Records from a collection
=======
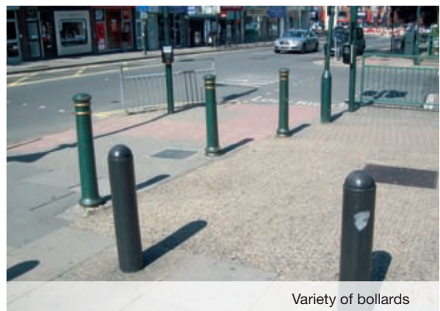
Variety of bollards
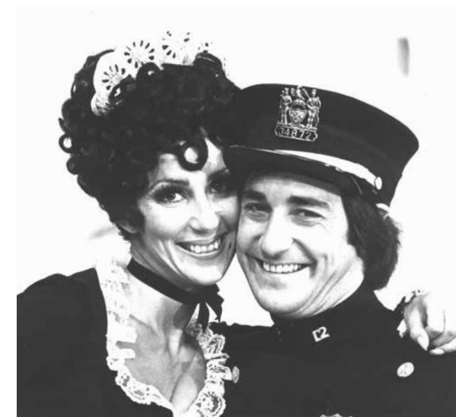
CHER AND PETER CULLEN

"He had seen some very serious battles that changed him," Cullen recalls. "He gave me the advice for Optimus Prime: 'Peter, if you're going to be a hero, be a real hero. Don't be a Hollywood hero.' He said 'Don't go yelling and screaming. He's strong enough to be gentle.' And that resonated with me, and I could hear his voice all the way to the audition. When he drops down, when he gets serious, is where I found Optimus Prime."
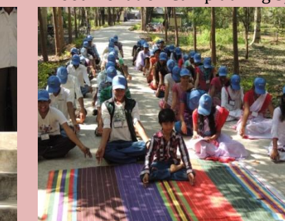
Everyday Yoga and Parade during Camp Period
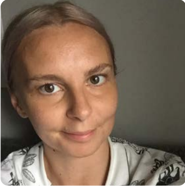
Night shift Assistant for Tesco
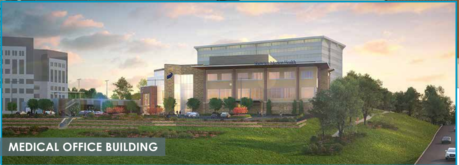
MEDICAL OFFICE BUILDING
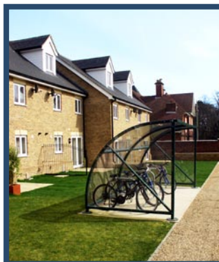
▲ Cycle Shelter
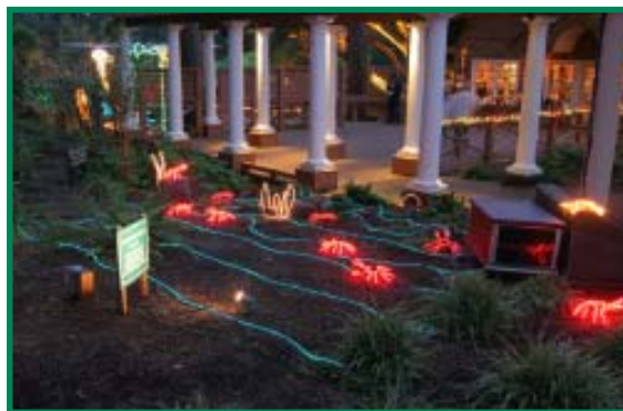
Scurrying crabs and blue and white waves.

It was the students' opportunity to demonstrate how they had mastered the concepts and skills covered in the class. One of the conditions of this exam was that the class instructor would serve only in the roles of consultant and unskilled labor. The project would succeed or fail dependent on the students themselves. The class successfully rose to the occasion and other classes and departments at the college graciously offered their services and expertise and joined what became a multi-departmental design and construction team.
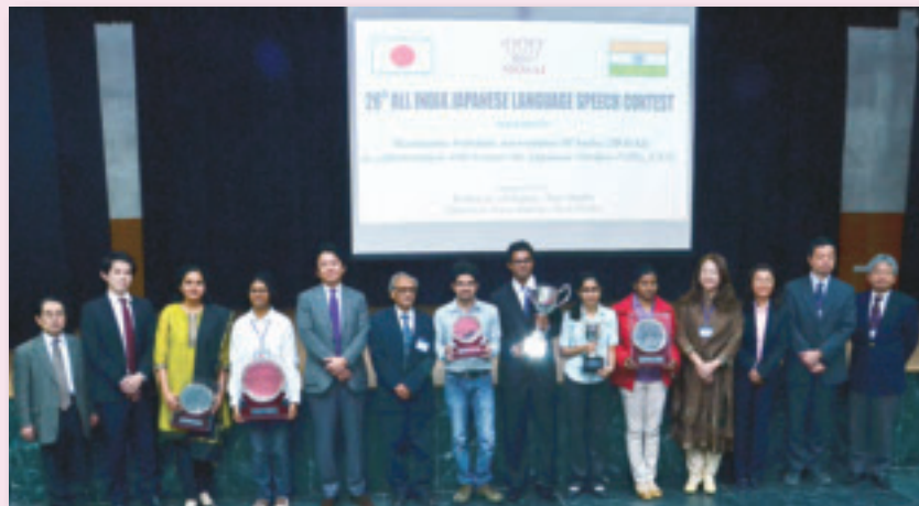
Contest winners pose for a group photograph

The eligible 8 prize winners in the senior and junior categories of the final round of the 2014 All India Japanese Language Speech Contest will be invited to visit Japan under the JENESYS 2.0 Short-term Invitation Programme in Japan, in June 2014.
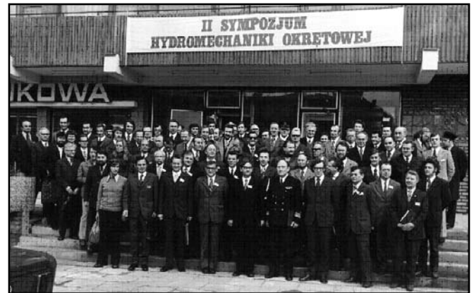
Fig. 6. 2nd Symposium on Ship Hydromechanics

Apart from the Ship Hydromechanics, in connection with
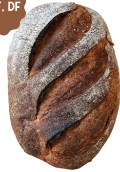
RED FIFE DELI 1023

INGREDIENTS: Mediterra red fife whole wheat flour, raw wheat germ, sea salt, filtered water
=======
**EXERCISE OBJECTIVE:**
Which lines in the data above hold the string "Contest"? Return each of them.

**TASK RESPONSE:**
Contest winners pose for a group photograph
The eligible 8 prize winners in the senior and junior categories of the final round of the 2014 All India Japanese Language Speech Contest will be invited to visit Japan under the JENESYS 2.0 Short-term Invitation Programme in Japan, in June 2014.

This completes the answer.